[Dataset items]
============

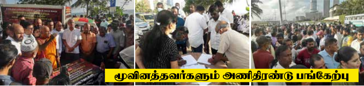
முவினத்தவர்களும் அணிதிரண்டு பங்கேற்பு

பயங்கரவாதத் தடைச் சட்டத்துக்கு எதிராகக் கையெழுத்துத் திரட்டும் போராட்டம் நேற்று கொழும்பு - காலிமுகத்திடலில் முன்னெடுக்கப்பட்டது. தமிழ்த் தேசியக் கூட்டமைப்பின் பேச்சாளர் ஜனாதிபதி சட்டத்தரணி எம்.ஏ. சமந்திரன் உள்ளிட்ட எதிரணி நாடாளுமன்ற உறுப்பினர்கள், இலங்கை ஆசிரியர் சங்கத்தின் பொதுச்செயலாளர் ஜோசப் ஸ்டாலின் உள்ளிட்ட தொழிற்சங்கங்கள் மற்றும் வெகுஜன அமைப்புக்களின் பிரதிநிதிகள், முன்னாள் நாடாளுமன்ற உறுப்பினர்கள், மதகுருமார்கள்
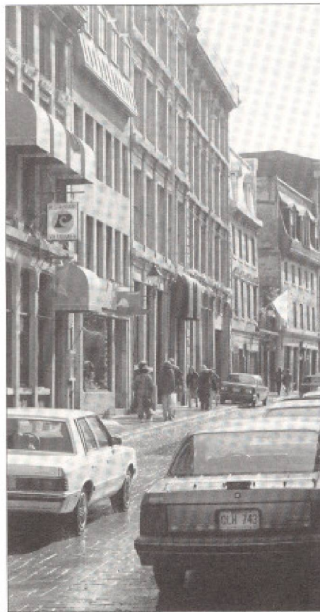
La valeur d'un quartier historique mérite d'être signalée et interprétée.
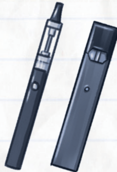
DISPOSITIVOS DE VAPEO
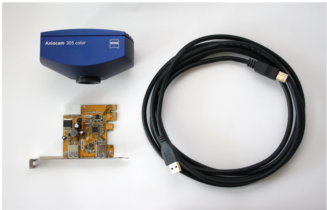
Abb. 1: Lieferumfang Axiocam 305 color
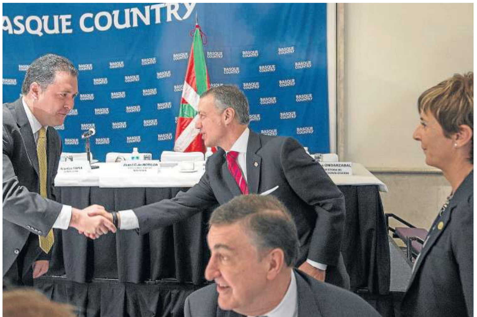
Urkullu en un momento de su reunión con empresarios en presencia de la consejera Arantza Tapia.

● Empleo. En cuanto al empleo, Euskadi es una de las cuatro comunidades autónomas en las que se ha producido un descenso de la ocupación de un 0,2% interanual y de un 0,5% respecto a agosto. El empleo en el sector sólo descendió en cuatro comunidades autónomas, que fueron, además de la CAV, la Comunidad de Madrid, Aragón y Asturias.
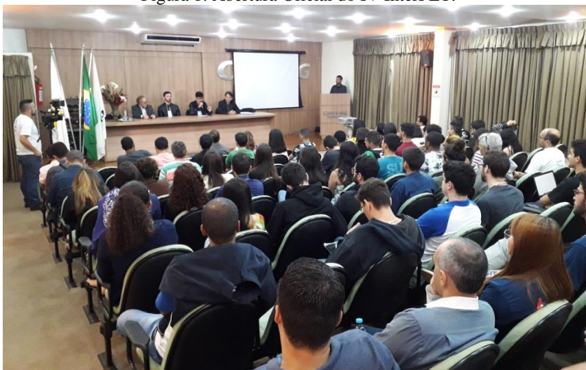
Figura 1: Abertura Oficial do IV InterPET.

Durante a quarta edição do InterPET, realizado pelo PETEE no Campus Nepomuceno, ocorreram várias atividades como a apresentação de artigos e atividades executadas por cada grupo PET durante o ano além de palestras e minicursos.
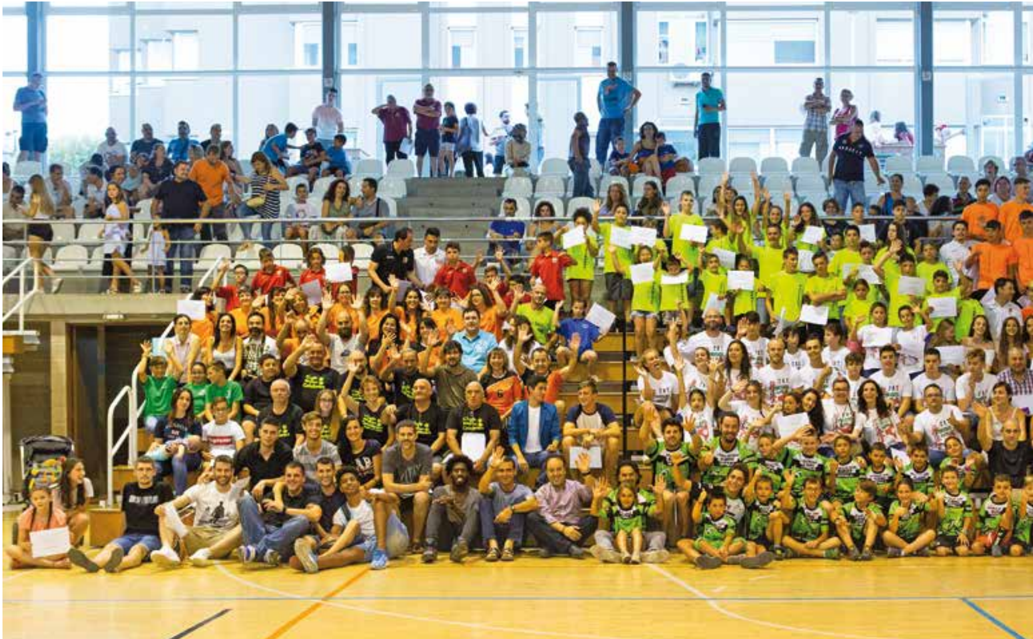
Foto de grup de tots els assistents a la Festa de l'Esport Castellarenc, després de l'acte d'entrega de premis, dijous de la setmana passada.

El consistori celebra la 6a edició anual, on va premiar els esportistes pels èxits aconseguits durant la temporada
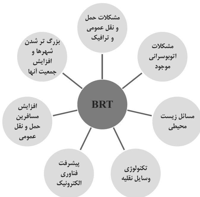
شکل ۱. عوامل موثر شکل گیری سیستم BRT؛ ماخذ: عمران زاده، ۱۳۸۸.
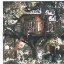
44 DAS BAUMHAUS DER FAMILIE ENGEL
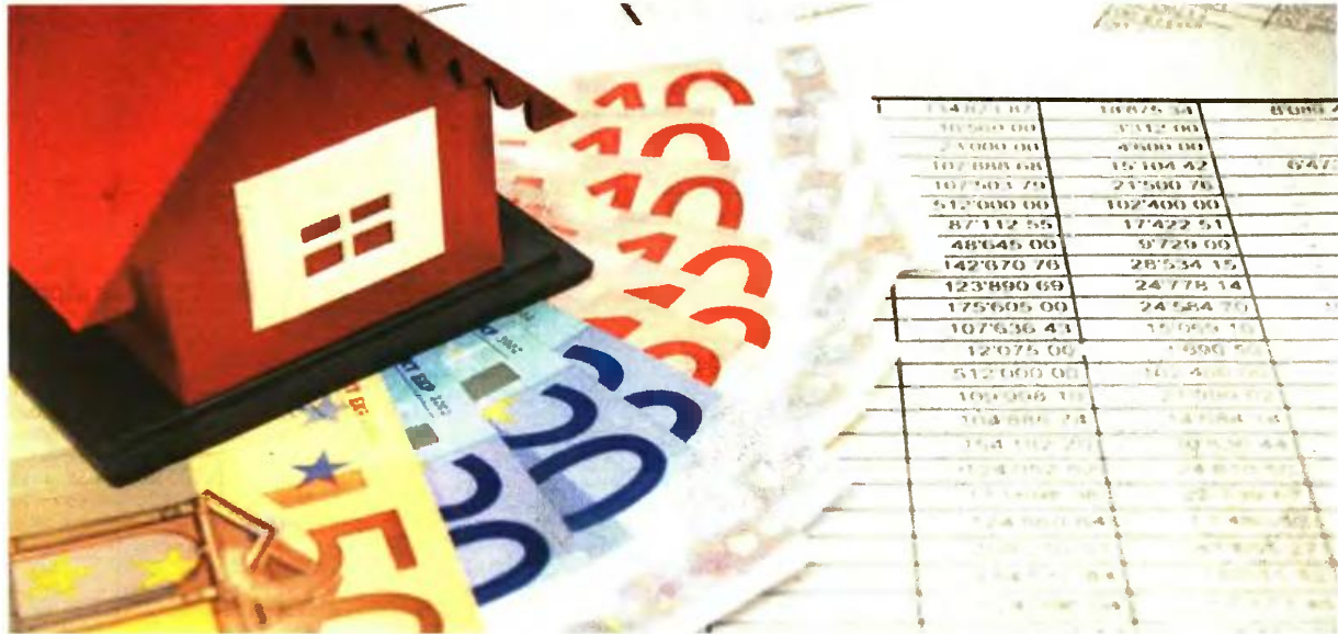
ΠΑΝΩ ΑΠΟ 100 ΔΙΣ. ΕΥΡΩ ΤΑ ΜΗ ΕΞΥΠΗΡΕΤΟΥΜΕΝΑ ΔΑΝΕΙΑ, ΤΑ ΟΠΟΙΑ ΑΠΟΤΕΛΟΥΝ ΑΓΚΑΒΙ ΓΙΑ ΤΗΝ ΑΞΙΟΛΟΓΗΣΗ
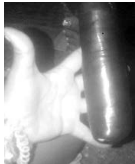
Los "dedos" que digiere una de las mulas del centro penitenciario para evadir la guardia.

Sigilosamente fue ascendiendo, hasta el patio indicado. Por esa 'vuelta', como ella misma la llama, le pagaron 500 mil pesos.

============

EXERCISE:
From the data, collect all lines where the string "InterPET" appears.

ANSWER FOR THIS EXERCISE:
Figura 1: Abertura Oficial do IV InterPET.
Durante a quarta edição do InterPET, realizado pelo PETEE no Campus Nepomuceno, ocorreram várias atividades como a apresentação de artigos e atividades executadas por cada grupo PET durante o ano além de palestras e minicursos.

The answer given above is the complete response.